At the risk of being cornered in the frozen food aisle and clubbed with frosty jalepeno poppers, I’m just going to say it…baseball is not a sport.
Saying this during the World Series with the home team in the game is ill-advised, and some might say provocative, but I have thought this through and constructed a completely logical argument.
In fact, this is the sustaining discussion of my marriage. Eric and I have had this on-going philosophical debate for over 15 years. I really think it is the glue that keeps us together. Eat that, Hallmark.
So over the years, we have devised an elaborate rubric about what is and is not a sport. Eric’s rules are somewhat draconian, but form the basis of our evaluation system.
Eric postulates that a sport has to have 2 opposing teams or individuals, struggling against each other for counter purposes, which have to be scored objectively. So, that rules out any individual activity where there is judging, such as gymnastics or diving. Those are exhibitions. It rules out anything where you don’t have an opponent other than yourself, like golf. That is a pastime. And anything where you are racing against a clock trying to better your own time, like downhill skiing, is a competition. Why? Because you can do better than everyone else that day and still suck in general. Basically, his rule includes soccer, which I agree, is the holy of holies.

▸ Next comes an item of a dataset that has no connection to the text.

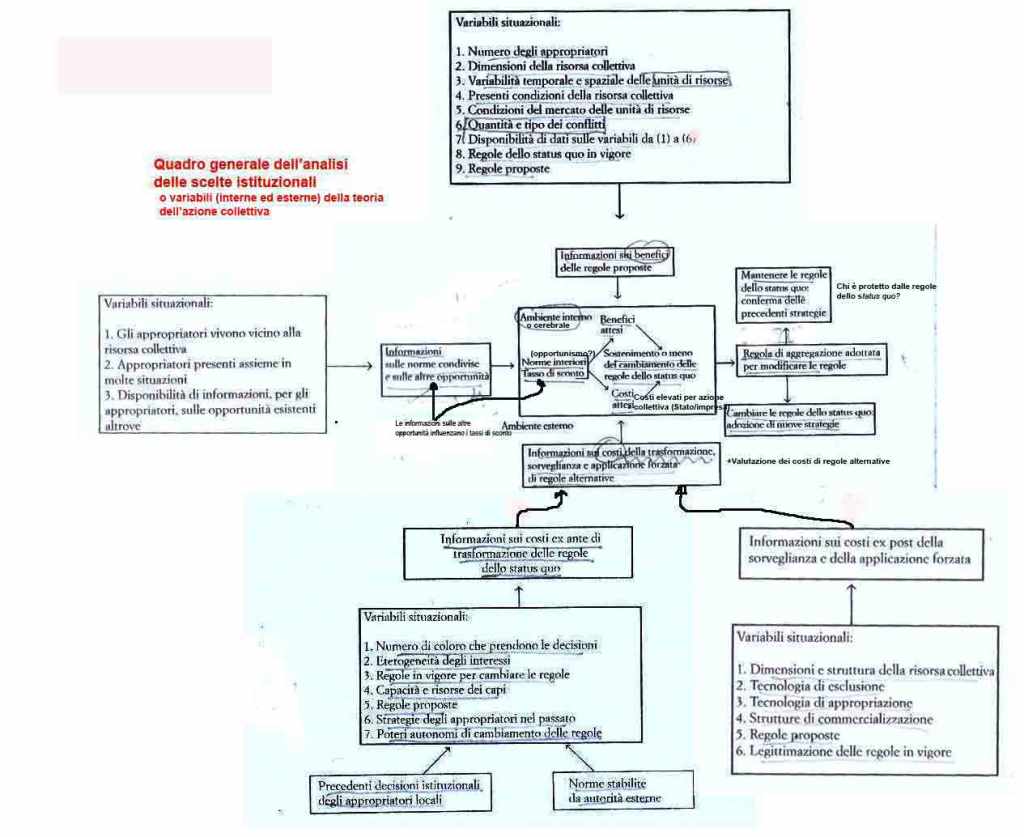 300- RAPPORTI DI MERCATO (= ambiente molto competitivo e più efficiente-> mercato aperto e rapporti statici –profitti-, senza cambiamenti tecnologici o istituzionali )vs RAPPORTI DI COMUNITA’ (ambiente meno efficiente con situazioni legate all’uso di risorse collettive) /314- NORME IDEATE VS NORME EVOLUTE-> Preconcetto quasi universale che spinge a sovrastimare i benefici e sottostimare i costi in contesti su larga scala del terzo mondo / 301- SCELTE ISTITUZIONALI 1. Come processi meccanici di calcolo e 2. Come processi di valutazione di costi e benefici (con i preconcetti implicati-> per es. gli individui attribuiscono maggior peso alle perdite potenziali rispetto ai guadagni potenziali) / 302- Risorse che si distruggono rapidamente vs risorse che si rivelano più elastiche dopo un deterioramento-> Chiari indicatori di degrado della risorsa = presagio di danno futuro / 303– E’ molto improbabile che gli appropriatori di risorse collettive sostengano costi di trasformazione immediati per cambiare le loro regole, se si prevede che i benefici netti scontati di un cambiamento netto delle regole non saranno grandi /Ci sono difficoltà a fare stime sulla frequenza, dato che gli eventi vicini appaiono dotati di maggior peso /303- Data la sostanziale incertezza associata a qualsiasi situazione di cambiamento di regole, è meno probabile che gli individui adottino regole non familiari, piuttosto che regole adottate da altri in circostanze simili e che hanno funzionato relativamente bene /305- Date le tentazioni di evadere, di sfruttare gratuitamente e in genere di agire opportunisticamente (…) [per i problemi di risorse collettive] il superamento di tali problemi non potrà mai essere dato per scontato / Il detto “se non è rotto, non occorre ripararlo” si applica altrettanto bene al capitale istituzionale che al capitale fisico /306- Basso tasso di sconto = valutazione molto positiva dell’attività di prosecuzione dell’utilizzo di una risorsa collettiva /310- [COMPLESSO INSIEME DI VARIABILI vs UNICO MODELLO]-> per quando gli individui cercano di forgiare regole per migliorare i risultati individuali e collettivi / famiglia di modelli vs modelli specifici-> Se le scienze sociali devono avere un ruolo effettivo nell’analisi di problemi politici / Ciascuna risorsa collettiva come nicchia in un terreno empirico / PRO COMPRENSIONE DI SISTEMI DINAMICI COMPLESSI / 311- Nelle concezioni contemporanee dell’ “ordine sociale”, il “governo” viene spesso visto come agente esterno il cui comportamento è esogeno rispetto alla situazione che viene modellata [vs individui incapaci di risolvere i problemi collettivi tra loro] / 313- Autori alla base della moderna teoria politica: Hobbes, Montesquieu, Hume, Smith, Madison, Hamilton, Tocqueville.

It’s a pretty good rule, but it still leaves room for things I think are stupid, and that cannot stand. So, I have amended the rule to include a physical requirement for a sport. You have to be acting under your own power. Nascar is out. Firstly because it’s stupid and secondly because the car does all the work. Now I know some will say that Nascar takes amazing strength and agility. Maybe, but if simply resisting G forces is the basis for sporting, then my last bout with the stomach flu qualifies me as some mega athlete. So, Nascar is out.
Secondly, some physical exertion is required. This is where baseball falls down. You cannot be an elite athlete at the top of your game and be tubby with a face full of chaw. Sorry, but baseball is a pastime and a boring one at that. If there were a lions chasing the runners and a pit of hot coals under the pitcher, I would be willing to reconsider. But as such, baseball is hereby denied sport status.
Lastly, there is a clause around being generally annoying. This clause doesn’t render an activity completely sport-less but it does demote some to sub-sport status. Can’t stand the squeak of basketball shoes on the courts, but I also can’t deny those people are athletes, even though most of their ability comes from a genetic accident of freakish height. And any American football teams wearing silly throw-back outfits is temporarily suspended from sport hood.
So with that settled, Go RANGERS (and I do mean the Scottish Premier League Soccer Team).
As the co-author of a book about baseball, I am required to take umbrage at your designation that baseball is not a sport. However, that doesn’t mean I couldn’t smile along with your logic. For another view of baseball-as-sport, I suggest you listen to George Carlin describe the difference between the national pastime and football.
I’m so excited someone took umbrage! I just hope he returns it soon.
I’m with you on NASCAR. As talk-show host Jim Rome used to say, “Turning left is not a sport.”
Love it. Especially not in a circle. But, I have turned left in South America and taken my life into my hands doing so.